Introduction

Oxidative stress is a major contributor to the development of type 2 diabetes mellitus (T2DM) through various molecular mechanisms. The chronic hyperglycemia characteristic of T2DM results in the generation of free radicals and increased oxidative stress, which affects multiple cellular pathways and molecular mechanisms.1–3 Oxidative stress refers to an imbalance between free radical production and the antioxidant system, which results in a reduction of peripheral insulin sensitivity.4 Oxidative stress has been implicated in the reduction of peripheral insulin sensitivity, which is a key factor in the development of T2DM.4 In addition, altered glucose metabolism, oxidative damage to pancreatic β-cells, and endothelial dysfunction are among the major pathways involved.5

Increased oxidative stress and/or impaired antioxidant defense associated with diabetes may also contribute to its development and progression; however, data for this association remains scarce. Mitochondrial function may be affected as a result of chronic hyperglycemia, which leads to an increase in reactive oxygen species (ROS) production.6 Glutathione peroxidase 1 (GPX1) and catalase (CAT) polymorphisms have been actively investigated as potential genetic factors that contribute to T2DM susceptibility.

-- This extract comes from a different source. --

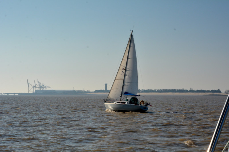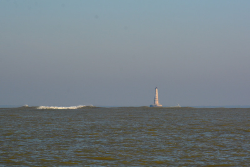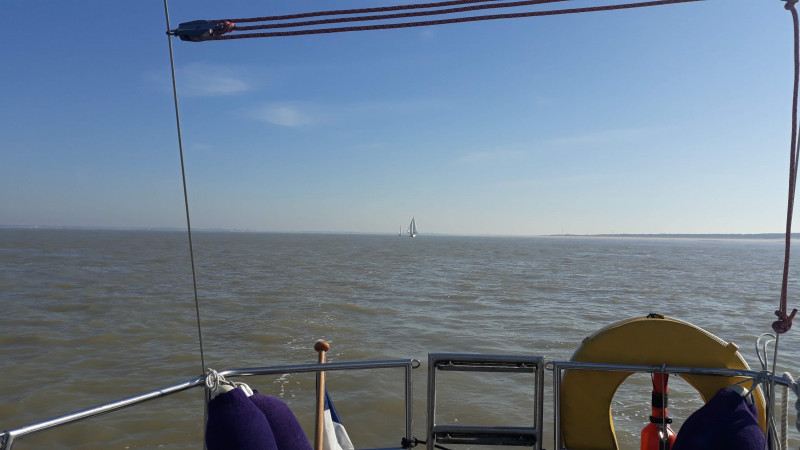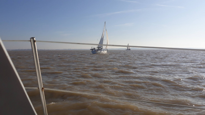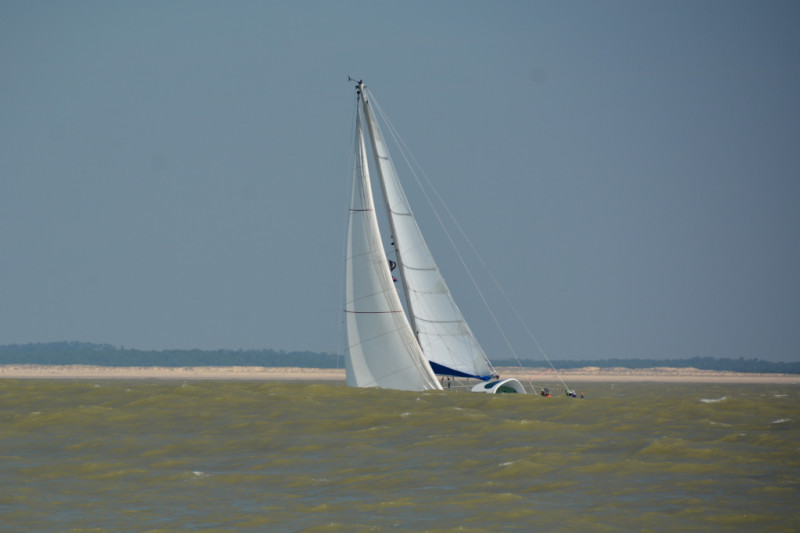 C'est arrivé dans la passe de l'Ouest que les conditions ont changées, le vent est monté d'un cran, avec des pointes à 20nds, et surtout le désordre désormais caractéristique de cette passe, avec une houle croisée par le clapot, les bateaux jouaient à saute mouton... C'est un mauvais moment à passer on le sait, et une fois rentré derrière Cordouan, au niveau du marégraphe, c'est l'Estuaire qui reprend le dessus, la mer s'applati et la fin de parcours est beaucoup plus calme.

The Pro198Leu polymorphism in Gpx1 involves a substitution of proline with leucine at position 198. Some studies suggest that the Leu allele may be associated with reduced GPx1 activity, resulting in decreased antioxidant defense against oxidative stress in the GPx1 protein.7 Polymorphisms in the glutathione peroxidase 1 gene may affect selenium status and GPx activity in response to dietary intake. This variability in GPx activity resulting from the Leu allele suggests a potential impact on antioxidant defense mechanisms in individuals with chronic conditions.8 Another study found that a CAT gene polymorphism was associated with a decreased risk of T2DM.9,10

In the present study, we determined the associations between single nucleotide polymorphisms (SNPs) of GPx1 and CAT with T2DM. We studied a Saudi cohort with T2DM from the southwest part of the country.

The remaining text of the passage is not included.